Most individual investors won't come close to beating the market and most won't outperform mutual funds. Also, it is very expensive to get the same spread on your money in individual stocks as you do in mutual funds. In a mutual fund, you'll typically get 50-150 different stocks and bonds.

Most stocks worth having trade at $10 and up. So, if you have $100 you can get, at most, 1 share of 10 different companies. A mutual fund may trade at $20 per share but within that fund you have a lot of different stocks and bonds. You'll only get 5 shares of that fund, but you'll have fractional shares in many more companies. This is important because it helps your portfolio (again HELPS, does not PREVENT) from falling victim to an Enron or a Worldcom. One of your mutual funds may have had one of these companies in it at the time of the fall, but it was only a small percentage. However, the inverse is true too -- in most cases you won't see mile-high returns like Google.

Many financial advisors (and there is a difference between a financial ADVISOR and a stock broker -- an advisor has more licenses and can legally give written advice) recommend mutual funds unless you have $250,000 - $500,000 to play with.

However, that is only a rule of thumb. Your best bet is to talk to a professional about your own situation and desires.

Hope this helps!

Hunter W
http://www.Printing-Information.net
http://www.eHalfOff.com
http://www.WebstoreSolutions.com

2006-12-31 10:51:00 · answer #1 · answered by Hunter W 1 · 0 0

Extremely Large Brokerage Companies ARE NOT PRIVATE.

Shares are NOT FREE.

Employees can be given the option to buy as much as 1,000 shares if they wish to do so. However, giving them the shares for FREE is not wise for a company.

Why would a Company will give away itself to an unkown and unrelated person like your friends or relatives?

Let me tell what's really happenning.

Someone smarter than you is going public with a Dummy Corporation (They don't build anything, they don't sell anything, they don't buy anything) and they need many current shareholders.

They will sell 10,000,000 shares to nice old ladies and greedy idiots for $2.00 and they will promise them the stock will rise all the way up to $30.00 in the future and when the stock hits $10.00 they will dump all their shares (They bought them at $1.00) and they will make millions and millions of shareholders will lose their money.

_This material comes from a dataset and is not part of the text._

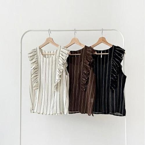 [브이와이][VY] 여자 슬리브리스 U넥 포인트 프릴 블라우스_13674115_588847

I strongly suggest you to invest a few hundreds of dollars and buy the Entire Six Seasons of "The Sopranos" on DVD and watch them from the beginning.

You will understand the stock market a lot better if you do that.

You are helping the Italian Mafia to steal millions from others.

2006-12-31 06:52:55 · answer #2 · answered by Anonymous · 0 1

Stocks are simply part ownership of a company. A stock market is a place where company stock is traded daily. A trade is a buy or sell of an asset. ex. E-trade charges $7 for a trade, say if you wanted to buy 100 shares of Wal mart stock, it would cost you $7, and $7 to sell those stocks as well. I don't use any trading website.

2016-05-23 00:02:33 · answer #3 · answered by Anonymous · 0 0

Actually, stocks are better than mutual funds. Mutual funds have managers and employees who all have to get paid out of your earnings, which reduces your returns. If the fund's managers are very good, this might be worth it, but most can't beat the market substantially enough. Buy stocks, it cuts out the middlemen in the mutual fund who get paid before you do, and so you'll make more money.

2006-12-31 10:07:44 · answer #4 · answered by STEPHEN J 4 · 0 0

This is stock trading.

I'd personally do it and get as many people as I can to sign up as well. If this is what it sounds like and this is an IPO kind of deal, it's VERY rare for an IPO to not make money. Hell if you're only in it for a day and your FREE $20 shares go down to $15, you can make $15,000.

2006-12-31 06:32:06 · answer #5 · answered by Modus Operandi 6 · 0 0

That is a stock as mutual funds are a group of stocks of about 500 companys.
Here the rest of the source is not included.